Надо было научиться жить в этом коллективе на целых долгих восемь лет так, чтобы не особенно выделяться, но все-таки остаться собой. С кем-то дружить, с кем-то враждовать. Вместе со всеми, независимо от дружбы и вражды, на торжественной линейке получить октябрятскую звездочку, в центре которой был изображен кудрявый подросток Володя Ульянов; вместе со всеми выучить пионерскую клятву и научиться завязывать красивым узлом красный галстук; вместе со всеми в 14 лет (если позволяли дисциплинарные и учебные успехи) вступить в комсомол…

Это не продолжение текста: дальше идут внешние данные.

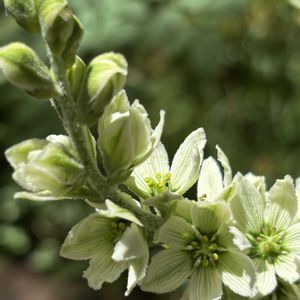 おはようございます😊 Mr. マーさんの 🏷️素敵な水曜日 🏷️オシャレな粋曜日の花 さっちゃんさんの 🏷️白い水曜日♡(ギリギリ入れてください🙏) かねーちゃんさんの 🏷️白い貴婦人✨️(こちらもギリギリ入れてください🙇♀️) 廣花奈さんの 🏷️秘密の花園♡ しもむさんの 🏷️愛の花♡ 🏷️ありがとうの花❣️ 🏷️花咲く乙女たち♡ に参加させていただきます♪ 戸隠と周辺のお花たちܾ ܾ 𖥧𓇣𖦥𖥧𖥣 その③ 「バイケイソウ🤍💚☘ ̖́-」 戸隠でバイケイソウを見たのは 初めてかもしれません 上高地で見たミヤマバイケイソウは 緑が濃かったけど バイケイソウは白に近い薄い緑🤍💚 この頃は咲き始めのようでした 花径20mm 雄しべは6本で 柱頭の先端は3つにわかれています (picからはわかりづらいですが💦) 全て両性花 花被片の縁には毛があり 花披片の裏側にも毛が密生しており 花茎にも屈毛が見られます 花は美しいと思う🤍💚✨️ 見る分にはいいですね〜😉 もちろん全草毒☠️💦 コバイケイソウのように 当たり年と そうでない年があります 今年は当たり年かな〜? シュロソウ科 分布 北海道〜近畿地方以北 四国 九州 山地~亜高山帯の林内や湿った草地 7/9 撮影📸 それではみなさん♬.*゚ 今日もステキな1日を お過ごしくださいませ🍀*゜✨ ✩*⋆°ෆ*⋆°ஐ*⋆°✩*⋆°ෆ*⋆°ஐ*⋆°✩
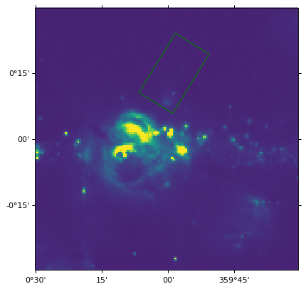 r = Rectangle((266.0, -28.9), 0.3, 0.15, edgecolor='green', facecolor='none',
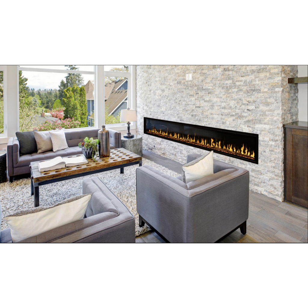 Multi-Sided Electric Fireplace Featuring NEW HELIOVISION™ Flame Technology. One Fireplace Fits All. Our Orion Linear Electric Fireplace with the Most Versatile Installation Options.
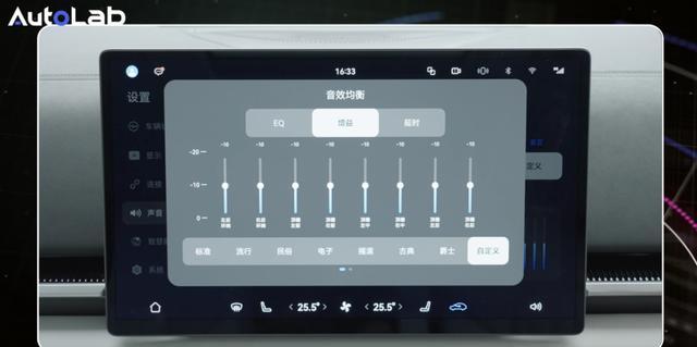 在音效自定义设置里,不光有普通的均衡器(EQ)调整,还能细致到给每个扬声器单独调音量大小和声音延迟。这种非常细致的调整功能,在同类车型里可不多见。
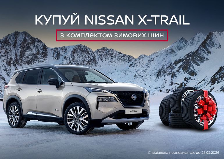 У лютому року для Nissan X-Trail e-POWER діє спеціальна пропозиція — у авто з технологією e-POWER додатково включено комплект зимових шин
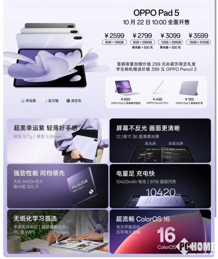 全新的OPPO Pad 5搭载了12.1英寸3K超清护眼屏,柔光版能有效消除97%的环境干扰光;屏幕轻至577g,薄至5.99mm。性能方面,OPPO Pad 5搭载了天玑9400+芯片,跑分突破305万,并且OPPO Pad 5搭载了10420mAh大电池,支持67W快充,电量足且充电快。
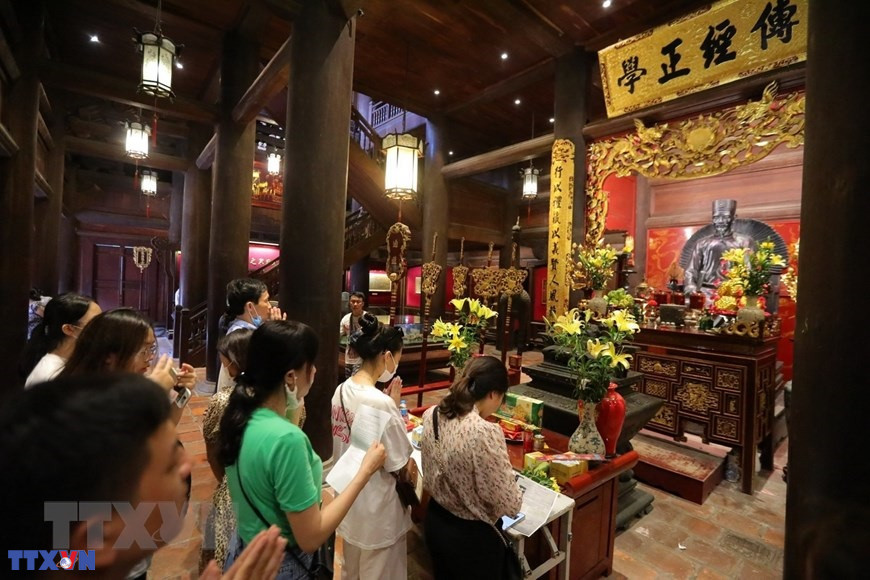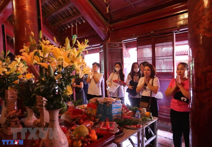 Khu Di tích Quốc gia Đặc biệt Văn Miếu-Quốc Tử Giám đón rất nhiều học sinh, sỹ tử và phụ huynh tới trước Kỳ thi tuyển sinh lớp 10 THPT và Kỳ thi Đại học năm 2023. (Ảnh: Hoàng Hiếu/TTXVN)
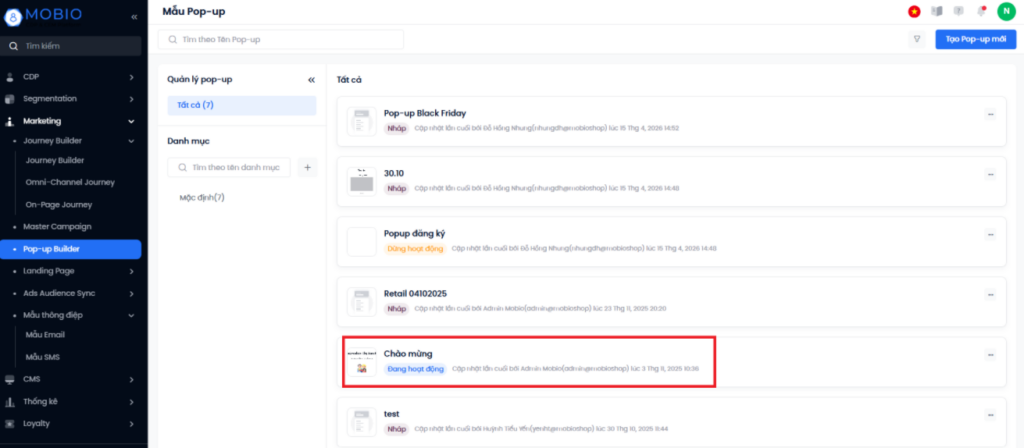 - Mục đích: Hướng dẫn cách quản lý một Pop-up sau khi đã tạo xong, bao gồm các thao tác chỉnh sửa, kích hoạt hoặc xóa trên hệ thống, kèm theo việc theo dõi hiệu suất qua báo cáo thống kê.
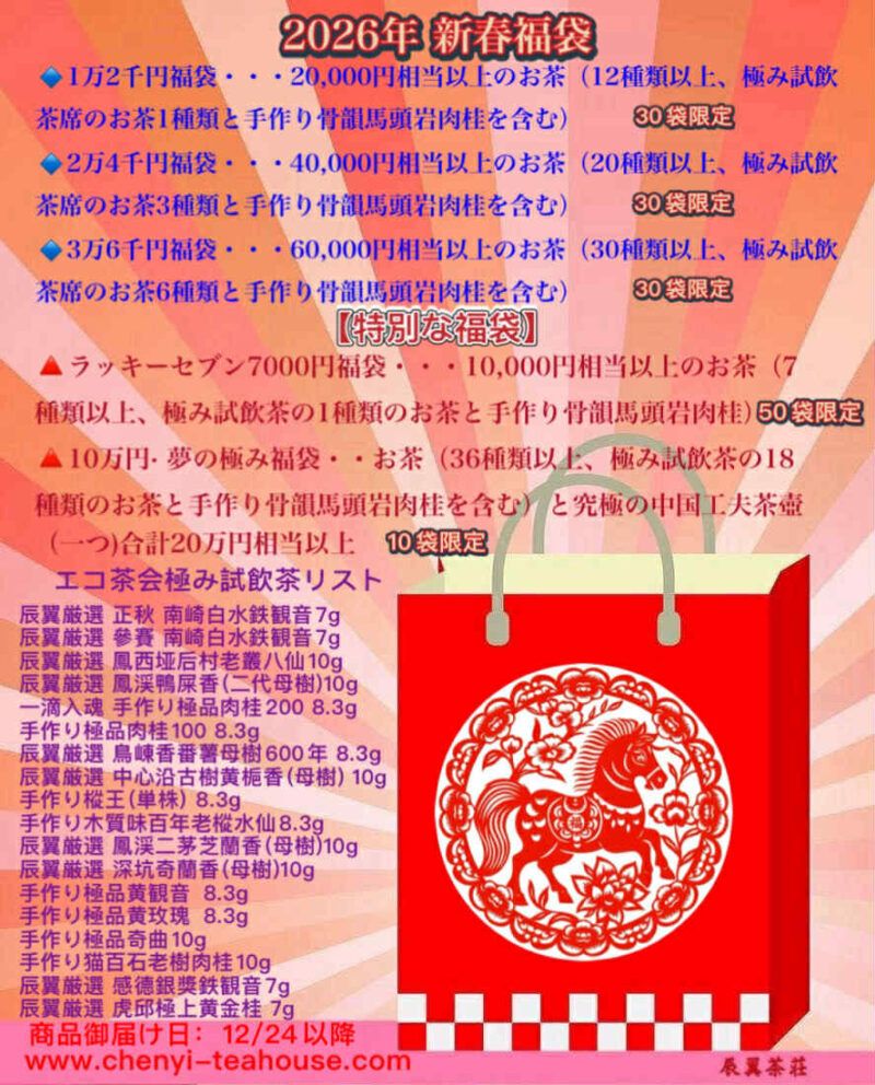 ☆1万2千円福袋・・・20,000円相当以上のお茶(12種類以上、極み試飲茶席のお茶1種類と手作り骨韻馬頭岩肉桂を含む) 30袋限定
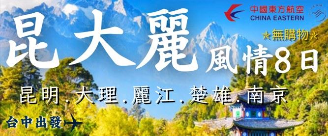 ☆台中出發☆ 昆大麗風情8天(自由行)
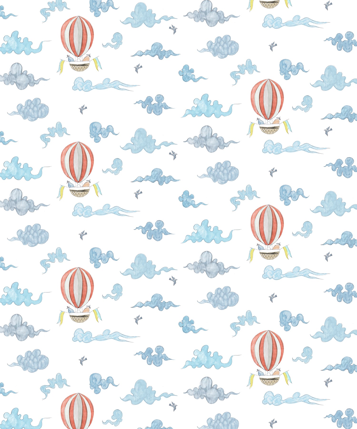 Pattern of hot air balloons and clouds on a white background
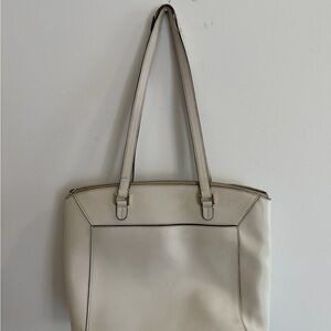 Elegant white tote bag by Kate Spade. Features a sleek design with ample space.
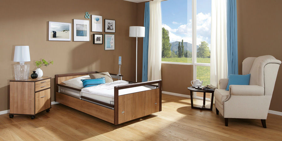 Low height nursing home 4 split side guard double retraction for pressure sore prevention
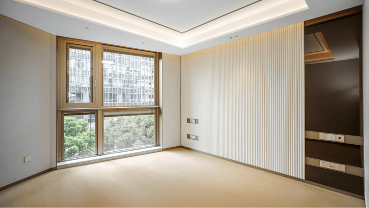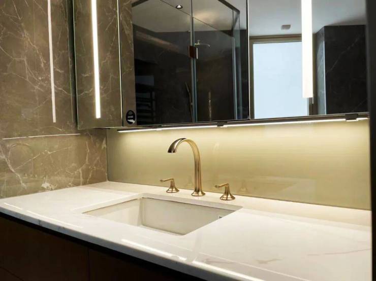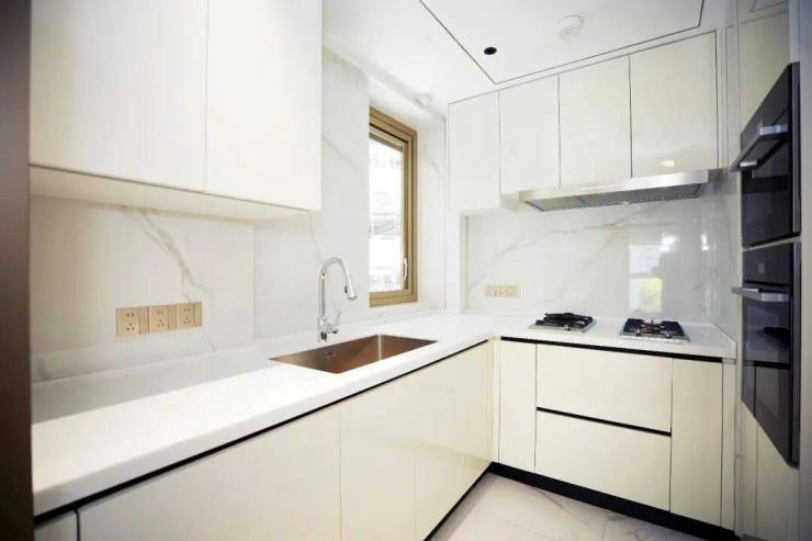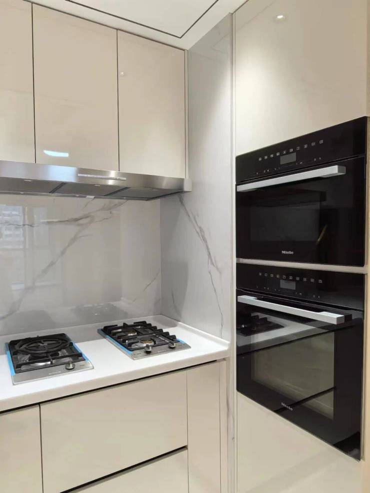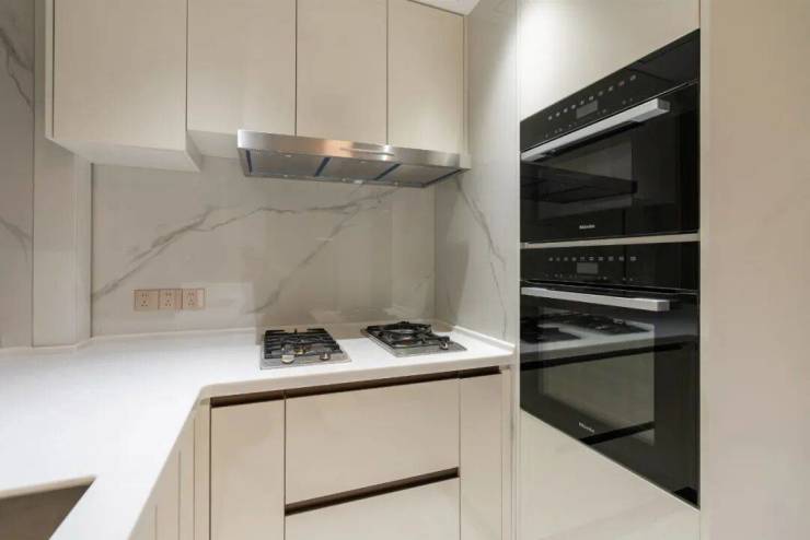 细节方面,项目采用了 拉米娜 的进口电视背景墙、顶级奢侈品牌 卡莉斯塔 的主卫龙头、 ABB 的智能化控制、 LG 的厨房台面,甚至是阳台的 电动晾衣架、水槽、吊柜都是交付标准。
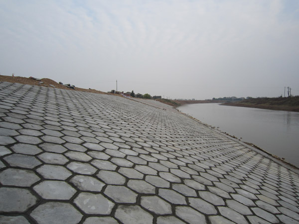 小港4標(biāo)完工的砼預(yù)制塊護(hù)坡
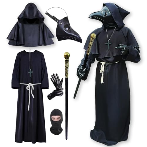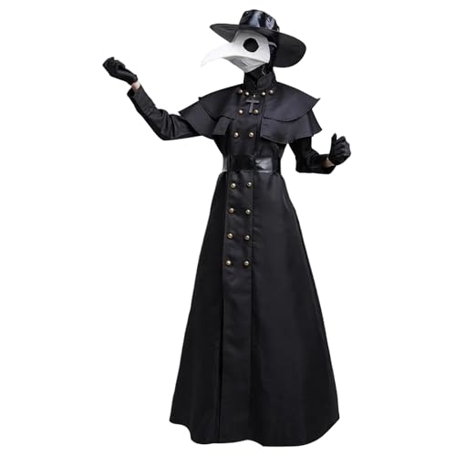 Pesoncarl Plague Doctor kostym för vuxen punk läskig plågläkare inkluderar hatt, mask, handskar, klänning, bälte och huva halloweenkostymer för cosplay, utklädning, filmrekvisita, M, Halloween 2025

Учился Витя в школе довольно средне – например, терпеть не мог писать сочинения, особенно – на свободную тему. Никогда не знал – о чем писать. Обычно писал полстраницы и чувствовал, что высказал все. Немногословен был с ранних лет. И мыслил конкретно: что значит – свободная тема? Рассказывать что-то о своих мыслях и чувствах – стыдно и неловко, а просто так писать, разливаясь соловьем, не дал Бог таланта. Предпочитал всегда темы определенные, где можно было, не прибегая к излишней и ненужной откровенности, рассказать о прочитанном, не выражая собственного мнения. В этом смысле хорошо было писать, например, о Павлике Морозове или молодогвардейцах – тут все ясно, ничего не надо выдумывать… Правда, интересовался математикой, оценки по этому предмету всегда были хорошими, но особенно увлечен учебой не был. И музыкой не увлекся – Василий Михайлович был старостой духового оркестра при клубе и всячески пытался приобщить к этому сына, даже купил ему кларнет. Но Витя заниматься не хотел, с гораздо большим удовольствием слушал, приходил на выступления отца, на танцы, когда на них играл оркестр. Кларнет так и валялся где-то в гараже, пока однажды, уже после школы, не пригодился Вите для драки…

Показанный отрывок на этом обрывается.